- Born: 23 October 1937 Cutch State, British India
- Died: 2 December 2014 (aged 77) Pune, Maharashtra, India
- Occupation: Actor
- Spouse: Rupa Verma (née Ganguly)

= Deven Verma =

Indian actor (1937–2014)

Deven Verma (23 October 1937 – 2 December 2014) was an Indian film and television actor, particularly known for his comic roles, with Bollywood directors like Basu Chatterji, Hrishikesh Mukherjee and Gulzar. He also produced and directed films, including Besharam. He won Filmfare Best Comedian Award for Chori Mera Kaam, Chor Ke Ghar Chor and Angoor.

==Life==
Verma was born on 23 October 1937 in Kutch, to Baldev Singh Verma and Sarala Devi and was brought up in Pune. His father was Rajasthani and mother belonged to Kutch. His father was a film distributor. He studied at the Nowrosjee Wadia College for Arts and Science (University of Pune) (1953–57), graduating with Honours in Politics and Sociology. He married Rupa Ganguly, daughter of veteran Bollywood actor Ashok Kumar and sister of Preeti Ganguly.

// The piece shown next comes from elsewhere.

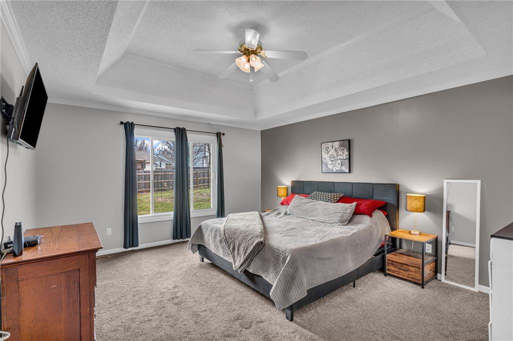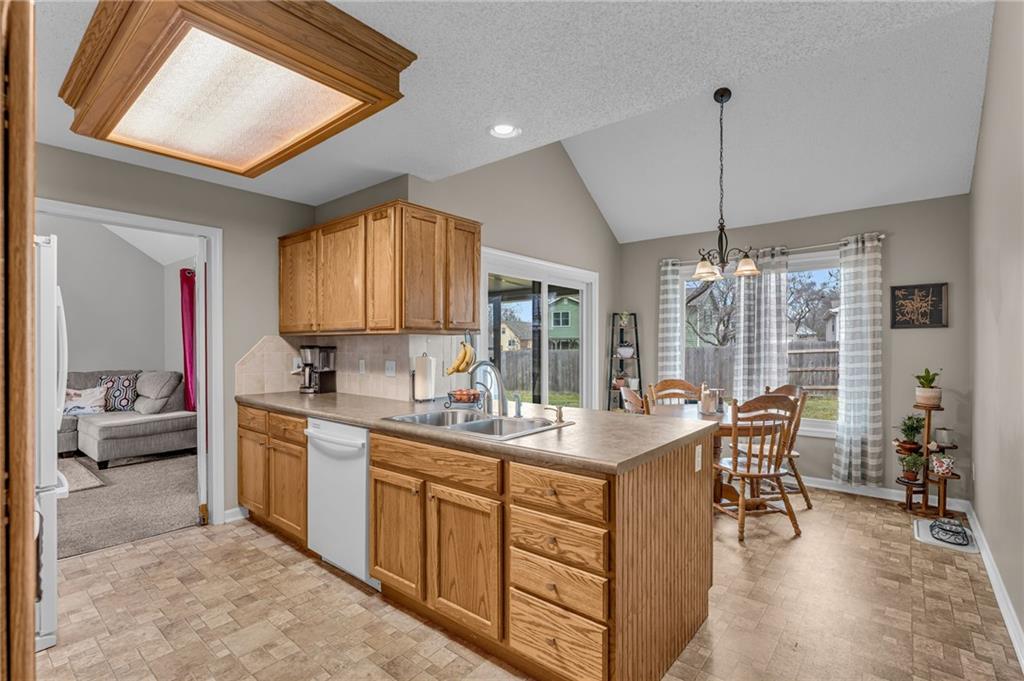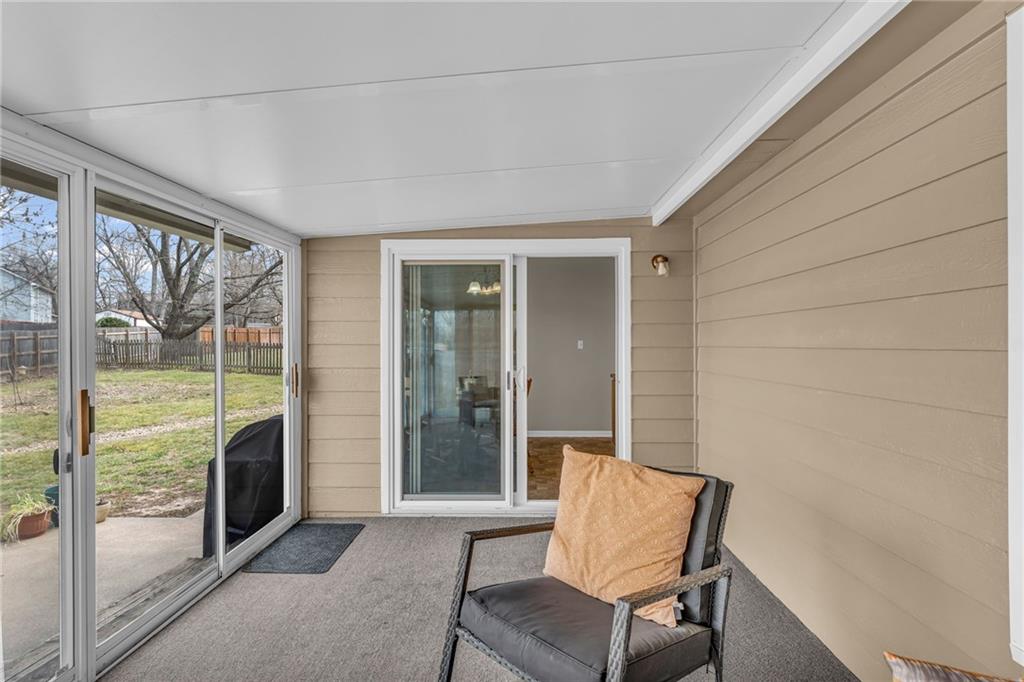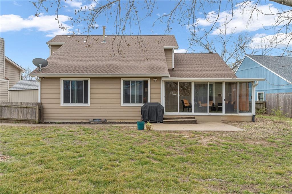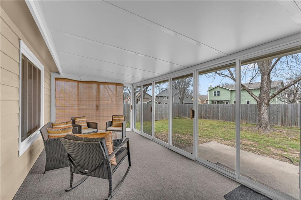 2904 Atchison is a charming 3 BR/2.5 BA home on a circle street close, but not too close, to the conveniences of the S Iowa Street shopping corridor, 59 Hwy and more. Newer carpet and paint of a neutral palette enhances the practical floor plan that features a main level primary bedroom with ensuite bath and walk in closet. Vaulted ceilings and gas fireplace create a cozy but spacious area to gather in the 25'x13' living room. The next owners will inherit newer siding, windows, and AC unit. The bonus is the finished basement with flexible office/rec space, ample storage and built-in shelving. To top it off a very nice enclosed back porch overlooks the fenced backyard. Ready, set, go!

The original name of Deven Verma was Devendu Verma, which he changed to Deven when he was in college. He had four sisters, two of whom were older and two of whom were younger. The two younger sisters were twins. The names of his sisters are Nirupama, Tushar, Amita, and Parul.

Apart from Hindi films, Verma acted in a few Marathi and Bhojpuri films.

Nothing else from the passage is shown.